Last offered: Winter 2024 | Units: 2-4

PHIL 370: Grad seminar: Contemporary Political Theory (POLISCI 431)

Graduate seminar.
Last offered: Spring 2022 | Units: 4

PHIL 370B: Metaphor

Graduate Seminar. 2-unit option only for Philosophy PhDs beyond their second year. In metaphor we think and talk about two things at once: two different subject matters are mingled to rich and unpredictable effect. A close critical study of the main modern accounts of metaphor's nature and interest, drawing on the work of writers, linguists, philosophers, and literary critics. Attention to how understanding, appreciation, and pleasure connect with one another in the experience of metaphor. Consideration of the possibility that metaphor or something very like it occurs in nonverbal media: gesture, dance, painting, music.
Last offered: Winter 2025 | Units: 2-4

PHIL 370E: Adventures in Non-Consequentialist Ethics

Topic: The Paradox of Deontology and Adventures in Non-Consequentialist Ethics. Grad seminar. 2 unit option only for Philosophy PhDs beyond the second year.
Terms: Win | Units: 2-4
Instructors: Eggert, L. (PI)

PHIL 370W: Value and Consequences

Grad seminar. 2 unit option only for Philosophy PhDs beyond the second year.
Terms: Win | Units: 2-4
Instructors: Wenar, L. (PI)

PHIL 371A: Relational Morality

The 2-unit option is only for Philosophy PhD students who are beyond the second year.
Terms: Aut | Units: 2-4
Instructors: Lichter, A. (PI)

PHIL 371M: Smith and Marx Seminar (POLISCI 331M)

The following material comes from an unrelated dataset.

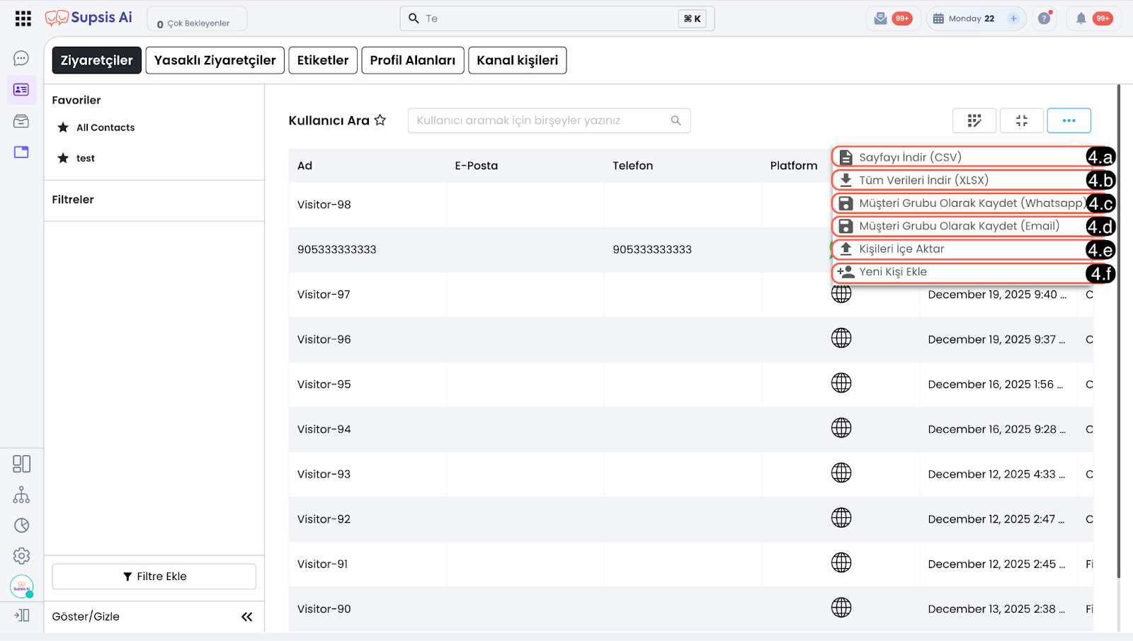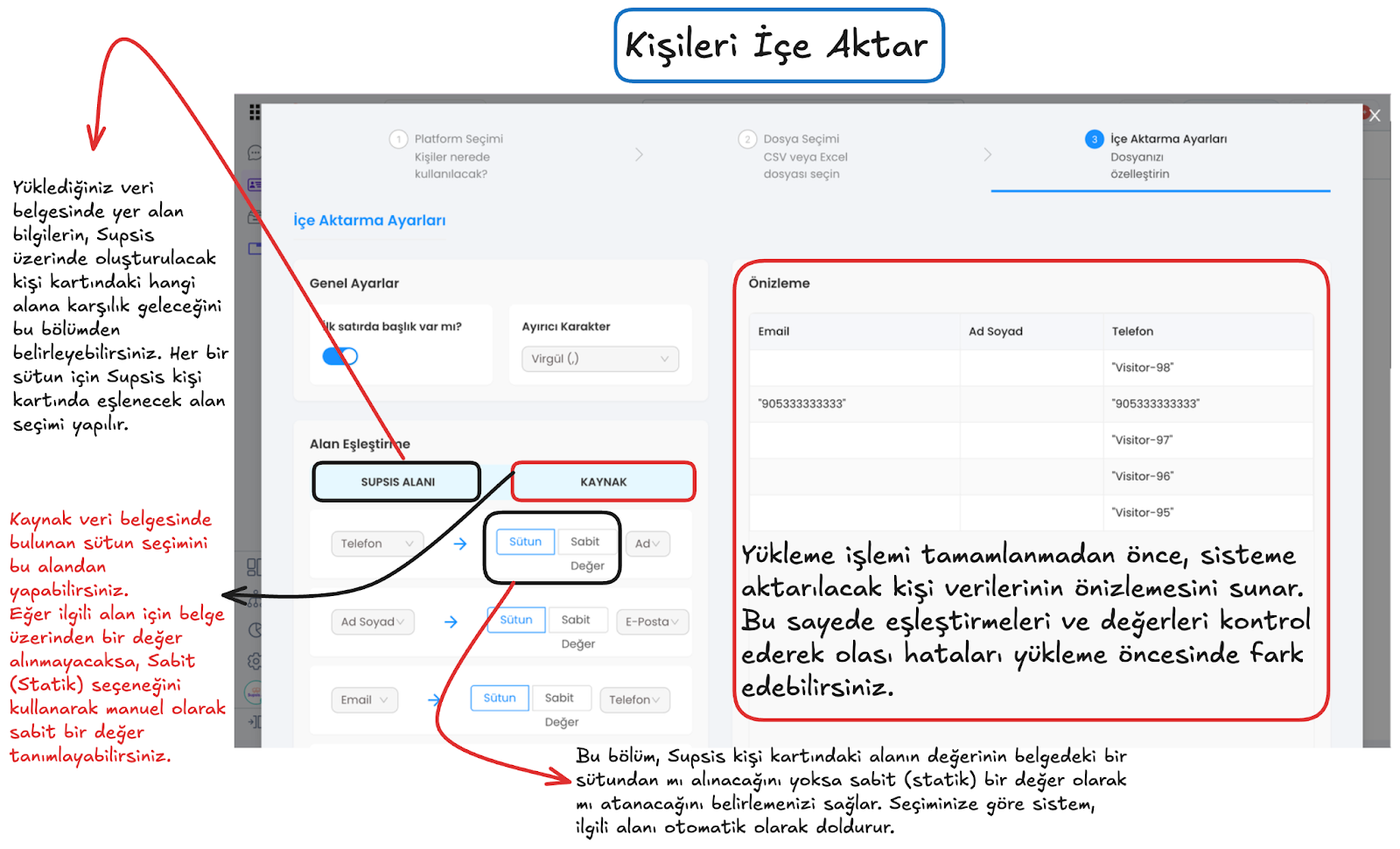 Bu alan, Supsis sistemine toplu kişi eklemek için kullanılır. İçe aktarım işlemi için yükleyeceğiniz dosya Excel veya CSV formatında olmalıdır. Yüklenen veriler, kişi kartlarında kayıt altına alınır ve bu bilgiler; - Sohbet süreçlerinde, - Chatbot ve otomasyonlarda, - Filtreleme ve segmentasyon işlemlerinde aktif olarak kullanılabilir.

Adam Smith and Karl Marx share a broad view of the role of markets in society. Rather than view markets narrowly as simply mechanisms for efficient distribution, both saw a role for markets in shaping culture, politics and political conflict, and society - and vice versa. However, Marx and Smith differ in their overall assessment of the value of the market as an institution for promoting liberty and equality. Indeed, their perspectives, while overlapping in some respects, are distinctive in ways that resonate with debates in contemporary philosophy and political economy over the characteristics of a just society, sources of development (political and economic), and theories of change. This course explores Smith's and Marx's views of markets, property, liberty and equality, in the context of major societal transformations that took place in the nineteenth century, such as the Industrial Revolution, the emergence of modern democracy, Dickensian England, the role of institutions, and the rise of monopoly power.